Chipotle Chicken Chili

DrMike

Ballistician
Nov 8, 2006
36,960
5,174
Well, it tasted pretty good to me. Mama thought it to be a bit warm, so when I make it next I'll tone it down a little.

Eight chicken thighs (Ideal place for grouse breast--but I've eaten all my grouse at the present)
Freshly ground pepper
One large red onion (diced)
Five or six garlic gloves (diced)
Cumin (about a tablespoon)
Ancho chili powder (one teaspoon)
Chipotle chili powder (one teaspoon)
Smoked paprika (about a tablespoon to 1 1/2 tablespoons)
Kosher salt (a couple of teaspoons)
One 15 ounce can cannellini beans (drained and rinsed)
One 15 ounce can black beans (drained and rinsed)
One can cream of chicken soup
Five tomatoes (diced)
Chicken broth (two cups)
Juice of two limes

Chicken on the bottom. Remaining ingredients placed over the chicken. Cook for five hours on high, or until chicken comes apart easily.

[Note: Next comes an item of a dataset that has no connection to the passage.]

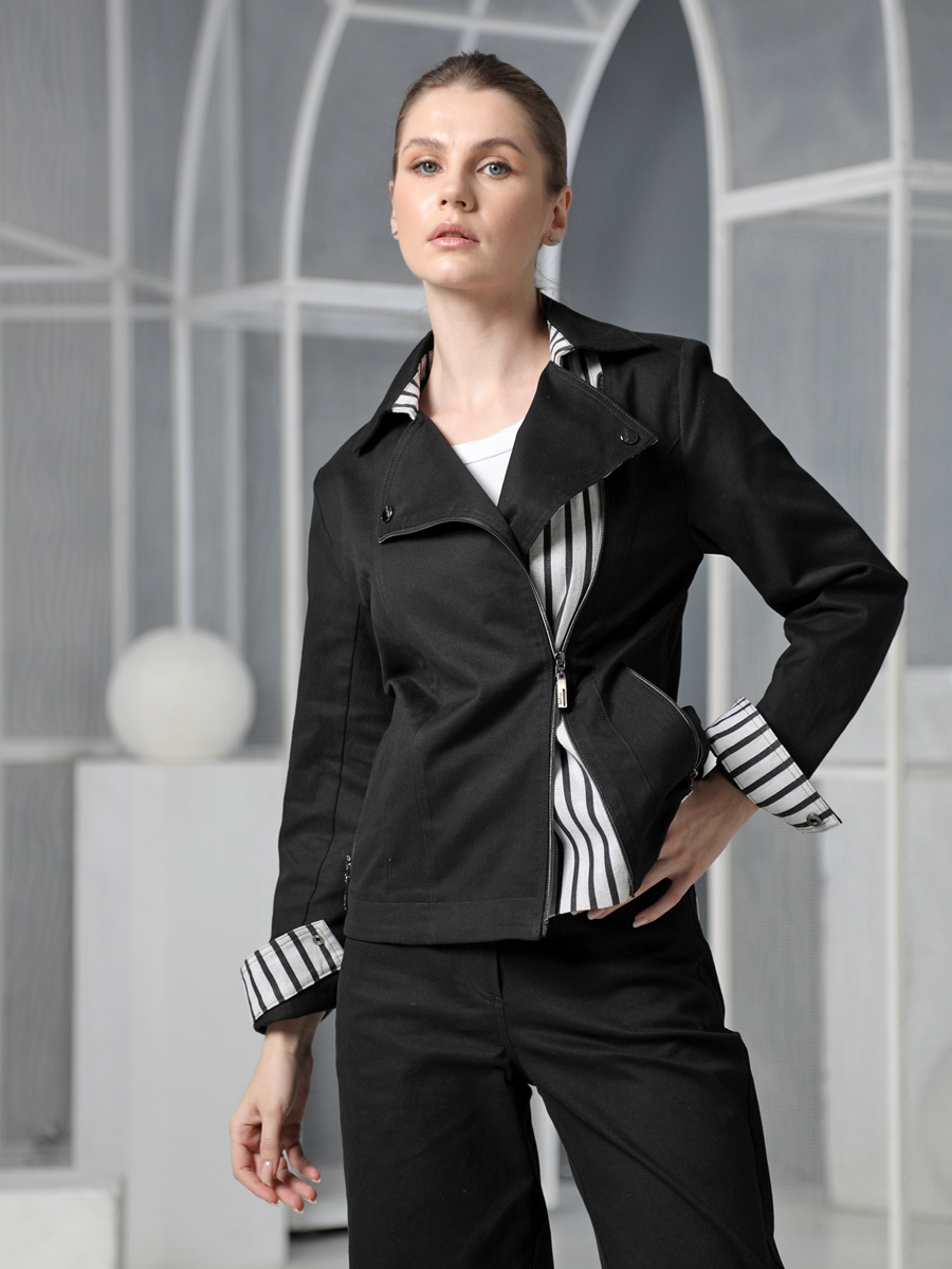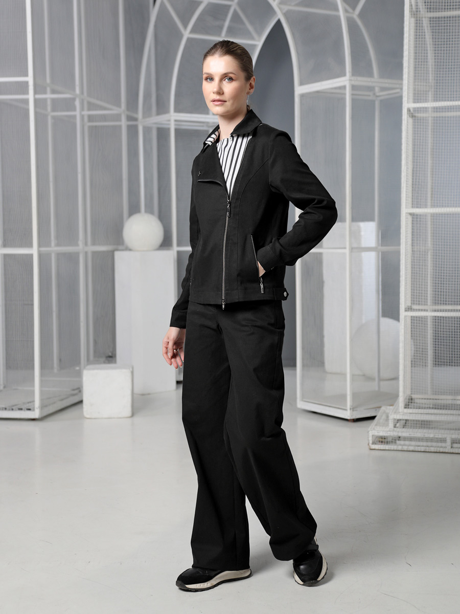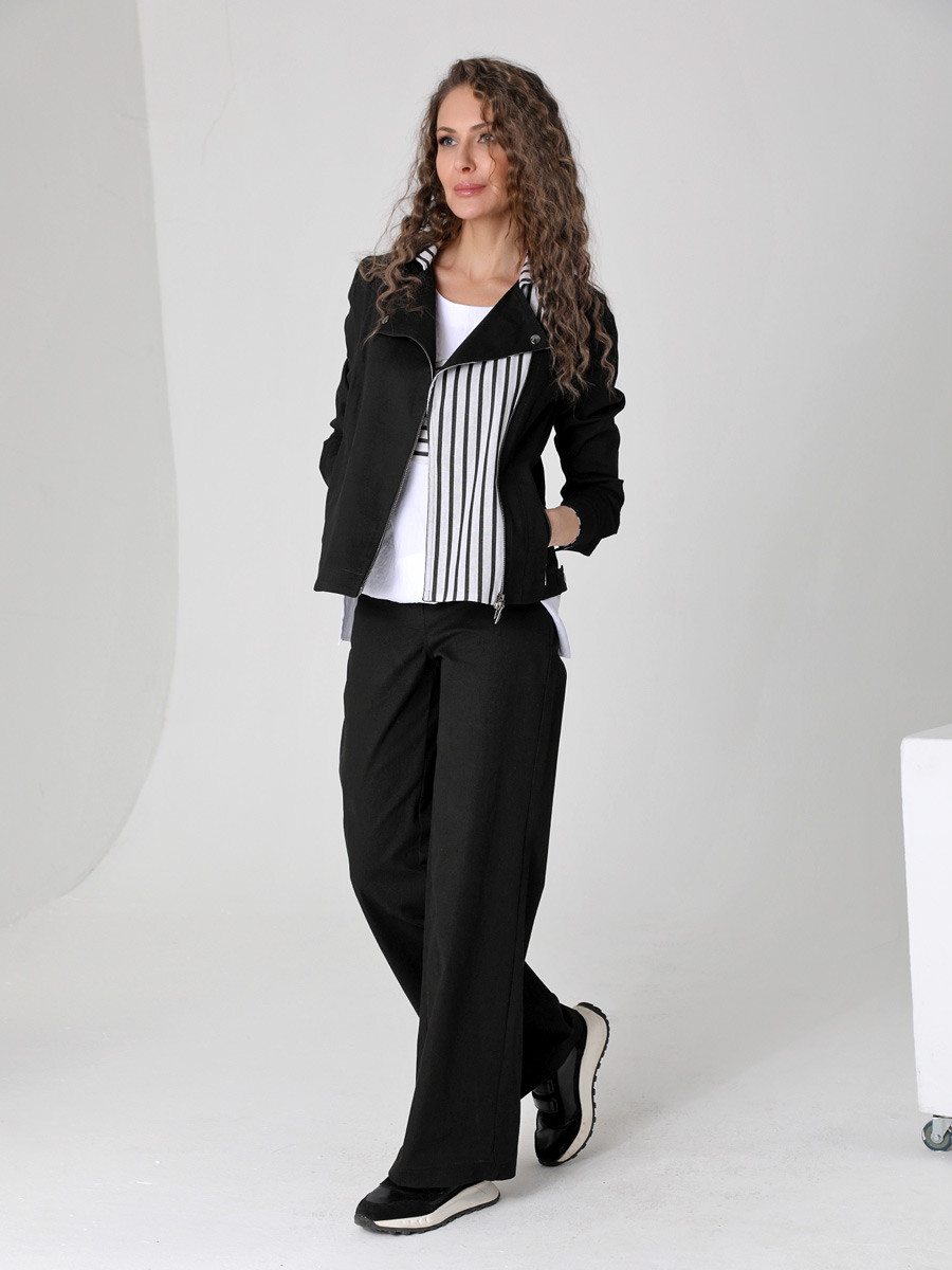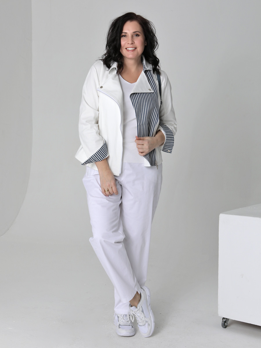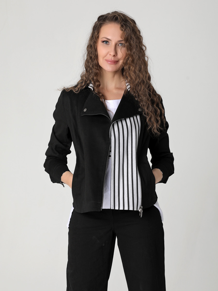 СКИДКА НА КОМПЛЕКТ! При покупке комплекта, скидка 20% на второй товар меньший по стоимости. Женский жакет-косуха - стильная одежда, которая дополнит Ваш гардероб. Летний безподкладочный жакет застегивается на молнию. Низ втачного рукава оформлен манжетой на кнопке. Воротник классический для такого покроя - отложной с лацканами. Есть удобные карманы с молнией. Прямой силуэт подойдет для женщин и девушек с любым типом фигуры. Женский стильный пиджак на весну, лето и осень выполнен из плотного хлопка с льняными вставками. Ткань под джинсу износостойкая и приятная на ощупь. Она хорошо дышит. Такой жакет можно носить в офис или на прогулку. Косуха хорошо комплектуется с платьем, юбкой, брюками или джинсами. В нашей летней коллекции можно подобрать компаньоны к этой легкой куртке: блуза (арт.25232), узкие брюки (арт. 25240) и широкие из такого же хлопка (арт.25242). Фантазируйте с аксессуарами и обувью, и Ваше лето будет стильным и комфортным!
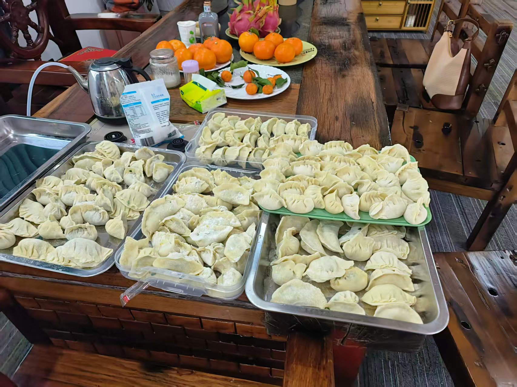 負責搟皮的家人們也不甘示弱,他們手法嫻熟,一張張薄厚均勻、圓潤如月的餃子皮在他們手中飛速誕生。現場沒有生疏的客套,只有家人間默契的配合與此起彼伏的歡聲笑語。當加入了「百膳湯」的餡料與精致的皮子相遇,圍坐在一起包餃子便成了最溫馨的時刻。一雙雙巧手上下翻飛,捏出的不僅是形態各異的餃子,更是一份份沈甸甸的祝福。在這個過程中,職位的高低、年齡的差距統統消融,只剩下最純粹的親情與信任。

I served with a dollop of sour cream.

For mama's sake, I'll leave out the chipotle pepper next time and dice a couple of small jalapenos that are cored and seeded. It makes a hearty soup (not really chili, but it works in Canada). The flavour is delectable and the chicken thighs are a surprise for anyone eating a bowl of this red. I have to imagine that with grouse breast, it would be just as good, though I might be inclined to brown the breasts first.
 
Sounds delicious!
I'll have my people call your people and we'll do lunch.
Ciao Babe!

Sent from my SGH-M919 using Tapatalk
 
DrMike that sound delicious :wink: I personally would stick with chicken as I tend to savour ruffies as there are not very many in the southern part of Saskatchewan. When we go up north for Elk & Moose we always have a 410 with us as a ruffy is a treat.